Brains of people from the right and left ends of the political spectrum are just wired differently, according to Sunny Yang, assistant professor of political science at Northeastern University...

“Without any political like stimuli, we just scan the brain. And based on this scanned brain, we literally just predict someone's political orientation.”

Yang this summer published a study that looked at how people who identify as conservative or liberal processed a variety of so-called ‘tasks’, such as looking at emotion-laden photos of faces, memory games, and quizzes.

Yang says one region of the brain consistently lights up in people on the right side of the political spectrum…

“The conservative feel more comfortable with security because this amygdala, this region activated more than liberal.”

The amygdala, buried deep in the brain, has long been associated with our fight or flight response. It signifies a sensitivity to perceived threats in decision making.

Yang says liberals are wired differently, using parts of the brain that tamp down on the fear response, known as the anterior cingulate cortex…

“The liberal people are more like the allow or desires, some novelty and complexity because they use anterior cingulate cortex more than the conservative people.”

Yang and her colleagues are not the first to see these findings.

Ingrid Haas runs the Political Attitudes and Cognition Lab at the University of Nebraska.
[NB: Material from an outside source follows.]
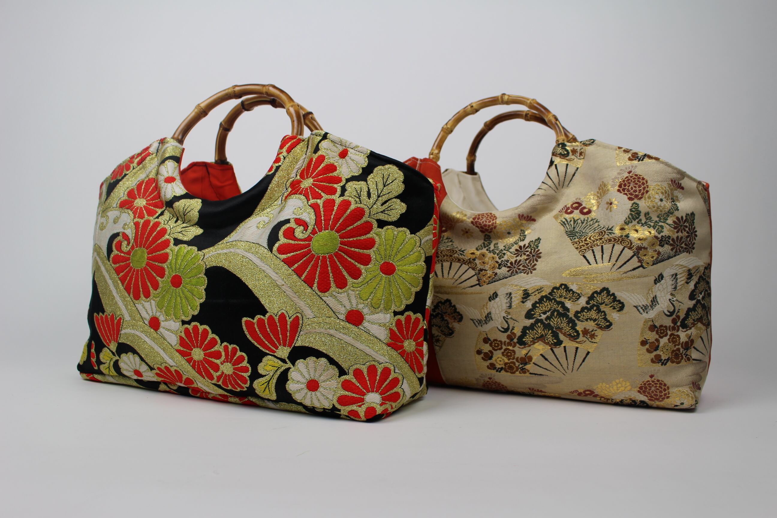 使われなくなった着物や帯から作られた手さげかばんです。

She says similar brain scan studies show the amygdala plays a prominent role in conservative brain function…

“There's been a hypothesis put forth by actually some of my colleagues at Nebraska that conservatives are more sensitive to negative emotional information, that they're more reactive potentially to, um, to photos or ideas or issue positions that invoke fear or disgust or some other negative emotion.”

Liberals, on the other hand, activate the Anterior Cingulate Cortex when faced with political dilemmas, which Haas says tempered the emotional reaction…
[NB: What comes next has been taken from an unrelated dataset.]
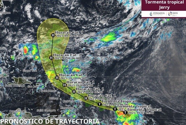En el océano Atlántico, también se formó esta mañana la tormenta tropical Jerry y su centro se localiza a 2,120 km al este-sureste de la Antillas Menores y a 4,640 km al este de las costas de Quintana Roo. Presenta vientos máximos sostenidos de 75 km/h, rachas de 95 km/h y desplazamiento hacia el oeste a 39 km/h.

So basically they were seemingly spending more time and effort processing that information. And they also took longer to respond in the task.”

These findings may help explain the way both parties fire up the base, focusing either on threats to individual liberty or on broad social injustice…
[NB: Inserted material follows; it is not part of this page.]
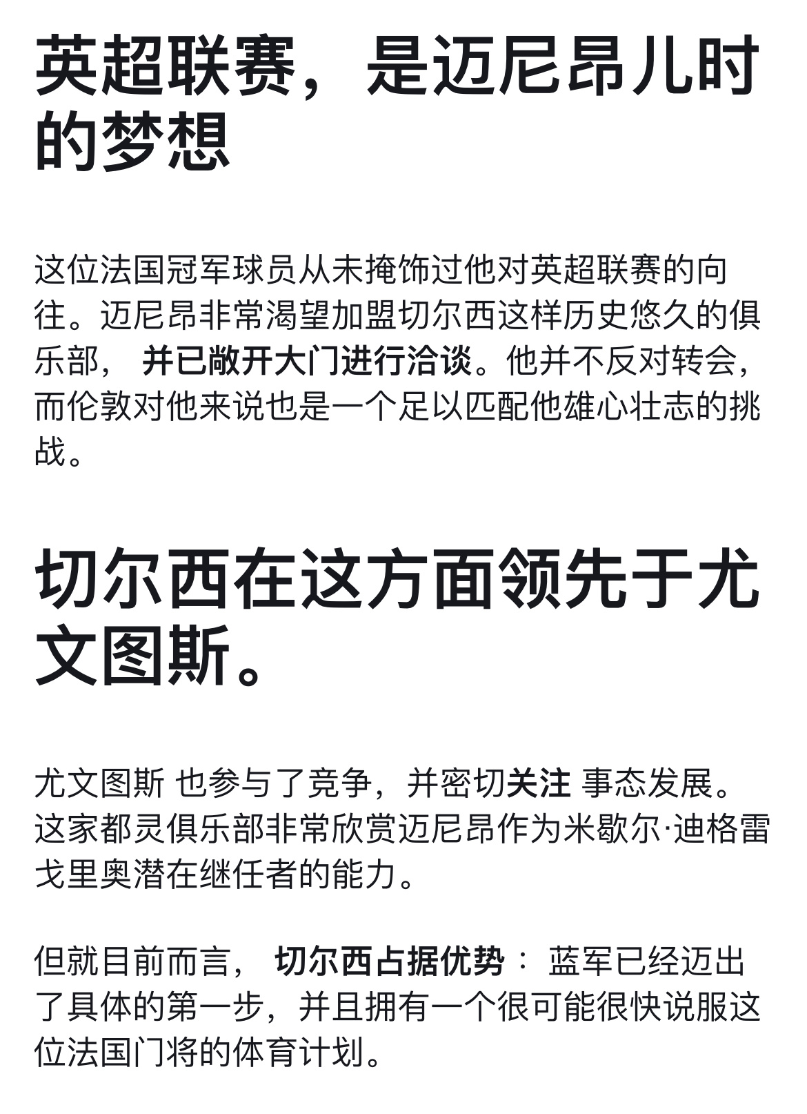 Sacha Tavoleiri:蓝军已经在幕后重启迈尼昂行动🧤- 约根森正在被考虑替换- 切尔西在得知迈尼昂无意续约后重启联系- 迈尼昂梦想英超联赛- 切尔西领先尤文图斯,并且已经准备了提案切尔西

“Liberals in some cases tend to focus more on issues like harm and fairness, whereas conservatives might care more about threats to their in-group or perceived threats to their in-group.”

Haas says political neuroscience is revealing the neurological basis that may underlie the stripped-down, no-holds barred level of political discourse America finds itself in right now… What Liz Cheney calls, ‘the fundamental fight for the soul of the country…’

“This conflict is not you know, it's not just about policy issues anymore. It's become about people's social and group identities and the and the perceived threats and slights they see from the other side.”

Rising social tension and even rumblings of a looming civil war are increasingly part of today’s political climate – conflicts arguably based on little more than differences in neural processing.

But where do these differences come from? Skyler Cranmer, a political science professor at Ohio State University, took part in the study with Sunny Yang…

“What this work is not saying is that we have found that your neural behavior or your neural profile causes your political ideology.”

He calls it’s a classic chicken and egg dilemma…

“We don’t know whether you have your ideology because of your neural pattern, or you have that neural pattern because of your ideology.”

All scientists can safely say is that conservatives and liberals are wired differently. And perhaps our two-party perspective grew out of that dichotomy. Researcher Ingrid Haas reminds us that passion has always been a political tool along with persuasion and compromise…

“You're not really ever making decisions that are purely rational or only cognitive. Your brain is always processing information in terms of emotion as well. And this isn't necessarily a bad thing.”

Knowing that our political conflicts are at least in part based on biology could help us step back a little from the deep partisan divide splitting our country - provided clearer heads prevail.